オペラ、コンサートを中心に、日々の感想を記します。

METライブビューイング「マルコムX」

2024年01月23日 | 音楽
 METライブビューイングでアンソニー・デイヴィス(1951‐)のオペラ「マルコムX」(現題は「X:The life and Times of Malcolm X」)を観た。アメリカの黒人解放運動の指導者のひとりマルコムX(1925‐1965)の生涯を描いたオペラだ。

 全3幕、上演時間約3時間の堂々たるオペラだ。第1幕はマルコムXの父親が交通事故で亡くなった(白人のレイシストに殺害された可能性がある)1931年から、従姉に引き取られてボストンで青年時代を送る1940年代までを描く。第2幕はマルコムXがイスラム教の団体「ネイション・オブ・イスラム」の伝道者として活躍する1950年代から1960年代初頭までを描く。第3幕はマルコムXが「ネイション・オブ・イスラム」から離れてメッカに巡礼に赴き、人種に関係なくイスラム教のもとですべての人々が平和に生きる世界観に到達した直後の1965年に暗殺されるまでを描く。

 アンソニー・デイヴィスの音楽が特徴的だ。小刻みなリズムが執拗に続き、そのリズムに乗って、たゆたうような旋律が歌われる。ミニマル・ミュージックからの影響が感じられる。一方、音響は透明だ。倍音が計算されているのかもしれない。オーケストラにはジャズ・コンボが加わる。ジャズ・コンボは1940年代のジャズ(第1幕)と1950年代のジャズ(第2幕)を再現する。本作品はジャズの変遷をたどるオペラでもある。
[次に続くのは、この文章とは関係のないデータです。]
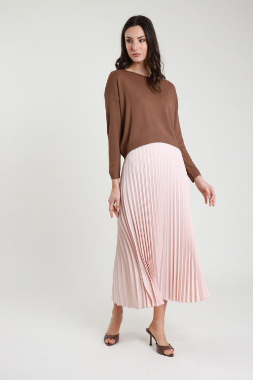 Langer Faltenrock mit elastischem Bund. 79 %pl 18 %vi 4 %ea

 本作品は1986年にニューヨーク・シティ・オペラで初演された(1985年にフィラデルフィアで初演された作品の改訂版だ)。その(黒人解放運動を扱う)作品をオペラの殿堂のメトロポリタン歌劇場(MET)で上演することは、どんなに勇気あることだろう。ジョージ・フロイドの死に端を発するBLM運動(ブラック・ライブズ・マター)と関係があるのかどうか。それともMETでの上演の準備中にBLM運動が起きたのか。

 アメリカは自由と民主主義を標榜するが、それは白人の自己認識に過ぎず、黒人には迫害と専制主義の国かもしれない。黒人の置かれた状況を直視し、その不当性からの解放を訴えたのがマルコムXだ。本作品の第1幕の最後にマルコムXが怒りをこめて歌うアリアのときに、演出のロバート・オハラは客席を明るくした。マルコムXの訴えが客席にいる人々に向けられていることを意識させるかのようだ。

 マルコムXを歌ったのはウィル・リバーマン。張りのあるバリトンの声だ。子悪党のストリートと「ネイション・オブ・イスラム」のイライジャの2役を歌ったのはビクター・ライアン・ロバートソン。高度なキャラクター・テノールだ。マルコムXの母親ルイーズと妻ベティの2役を歌ったのはリア・ホーキンズ。若々しい声だ。指揮のカジム・アブドラはドイツのアーヘン歌劇場の音楽監督を務めた人だ。